Appropriate response? What I mean by that is simply valuing your data. If your data is of relatively low value then you should be happy to spend less to underwrite it. Equally, if your entire livelihood (your house, your wives, mistresses, children and animals) and the job security of your employees depends on it… well, you probably need to be spending a bit more.

So what you need to do is ask yourself this: “If I’d actually lost all my data, how much money would I be prepared to spend to get it back?”

Whatever the answer you come up with, there are resilience measures to fit that budget: From zero upwards.
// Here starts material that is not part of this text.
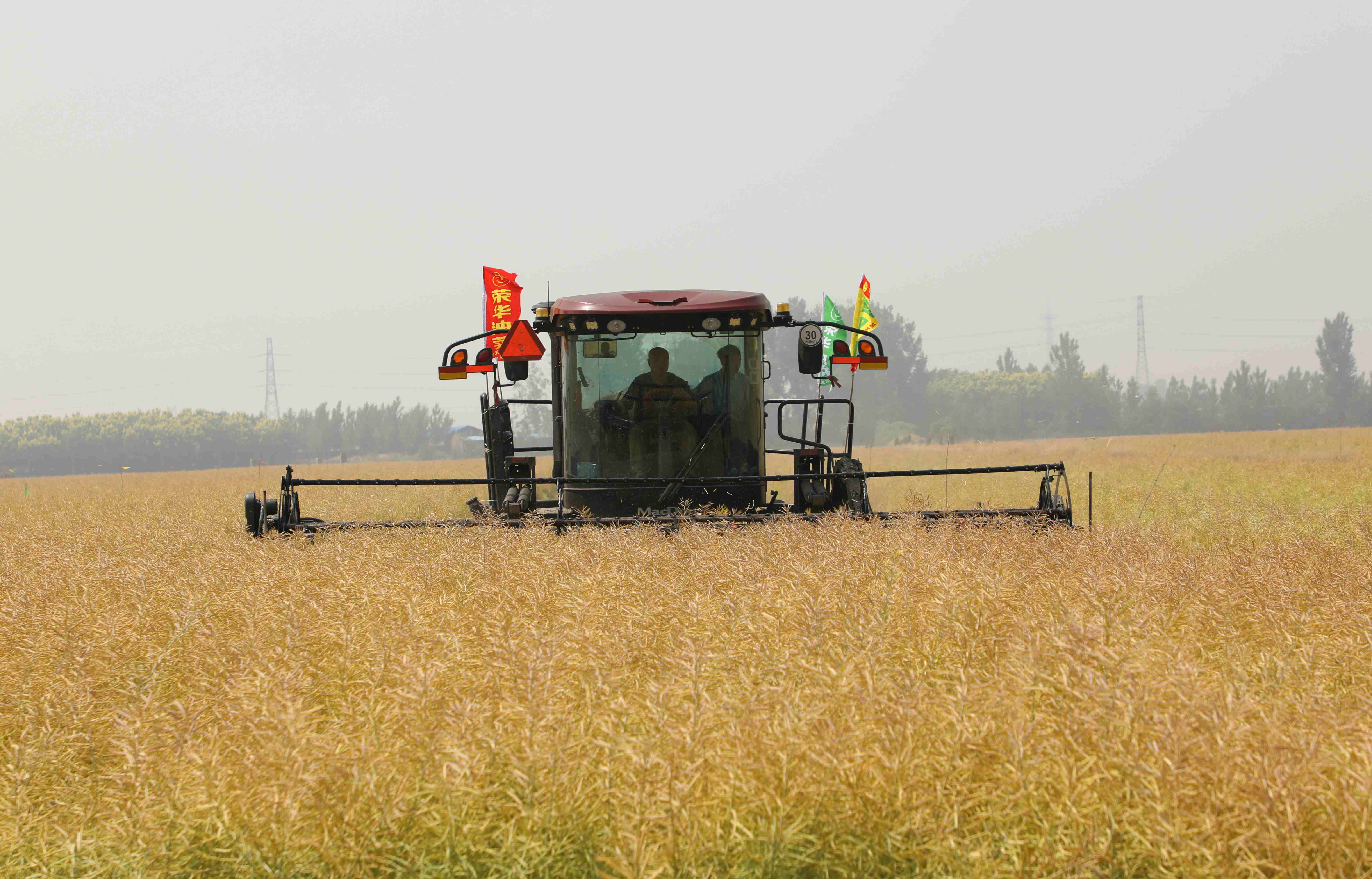 5月26日,河南省新鄉(xiāng)市鳳泉區(qū)大塊鎮(zhèn)東莊村的6000畝金鳳凰油菜喜獲豐收。金燦燦的油菜莢顆粒飽滿、壓彎枝干。種植戶正用大型機(jī)械收割、撿拾,確保顆粒歸倉(cāng)。

If the data has no value then don’t do anything about it. At the other end of the scale, there’s no upper limit.

Almost all of us fall somewhere in-between of course, and this is where your budget needs to be spent wisely. You can start very cheaply, for example, with a ‘cake’ of CDs from the supermarket, then progress through external hard drives, synchronising with online ‘cloud’ services, setting up a server with RAID drives, off-site backups, hosted services… and so on. If you’re really serious then you could get your data hosted in a James Bond style bunker like Wikileaks have done in Stockholm. The ultimate solution perhaps?

Back in the real world for a moment, it’s worth mentioning that unless you automate the backup regime then you will have to do it manually according to a schedule – and you have to stick to it. Write yourself a recurring reminder in whatever calendar you use – and don’t just snooze it; remember that Sod’s law is waiting in the wings.